At age ten, I started a section in another diary (I had dozens, most of them, like this one, half-full and sporadically dated) dedicated to “Child Advice.” Child advice…from a child. At the time, I saw this as my breakthrough. I, at age ten, would write and publish the first ever by-a-kid, for-a-parent book of parenting advice. I was like Jane Austen, a social iconoclast, breaking down stereotypes and an editorial pioneer, forging words into new territories.

7/18/95. Another note. Sometimes your child will lean towards you, then more towards their father. If you have a son, he’ll go toward you when he’s real young, then toward his dad when he’s probably somewhere between 5-11. Don’t be left in the ‘woman’s place!’ Are they playing baseball? Cheer ‘em on, if you can! Then when your kids are grown up, they’ll be by both of you!

Age 10, and already I feared my own unborn Oedipus.


In my oldest diary--a blank journal stolen at age 6 from my mom's closet, I wrote in its first three pages a children's story, illustrated with a red Bic pen. A simple three-pager, it was riddled with a child's fear of abandonment and her secret desire for a pet cat rather than her moody miniature Schnauzer.

Cat and Keeteen, By Caitlin, 1991

[page 1:] I have to go to the store wiffout Cat and Keeteen.
[Here we see two cats left sitting lonely at a closed door.]

[page 2:] Mamma, I'm scaerrd abot Cat and Keeteeen. Mamma saeys, Its OK. Dont warry abot Cat and Keeteen.
[Pictured: Daughter clings to mom's hems.]

[page 3:] Yay! Cat and Keeteen!
[Here, our heroine has returned home, stick arms thrown up in the air while Cat and Keeteen jump at her feet.]

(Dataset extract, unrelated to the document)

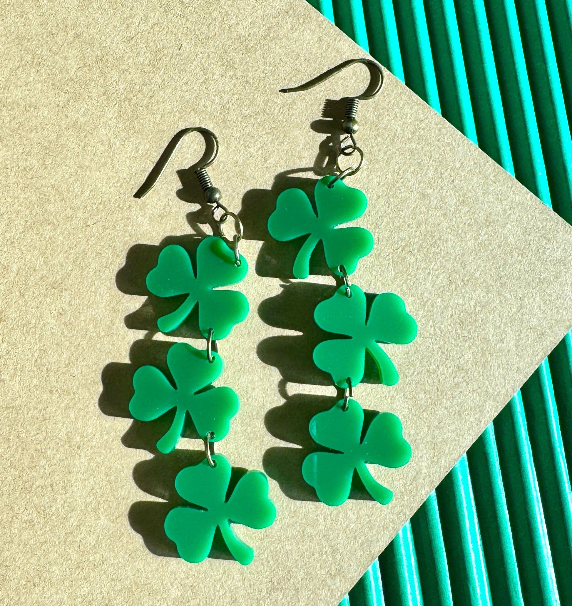Charming Dangling Clover Earrings, available in your choice of a rich Walnut wood finish or a vibrant bright green acrylic. These beautifully crafted earrings feature three delicate clovers, making them the ideal accessory for St. Patrick's Day or whenever a touch of luck is in order.

Scientists and psychologists everywhere extol writing as therapy. And at age 6, I was doing just that. We put these thoughts into words, or sometimes into crudely drawn kids' stories, to work things out. These days, the demons I face are slightly more complicated than my guilty desire for a cat to replace our dog (although then again, for a six-year-old, what can be more complicated than that?). Fears for young 20ish Caitlin are embodied by unemployment, death, and the impact of the Empire of George W. Bush, among other things. But still, I find myself rationalizing--and admittedly, occasionally repressing--to work things out. I usually do this by doing what I'm doing right now--writing. So I guess some things never change.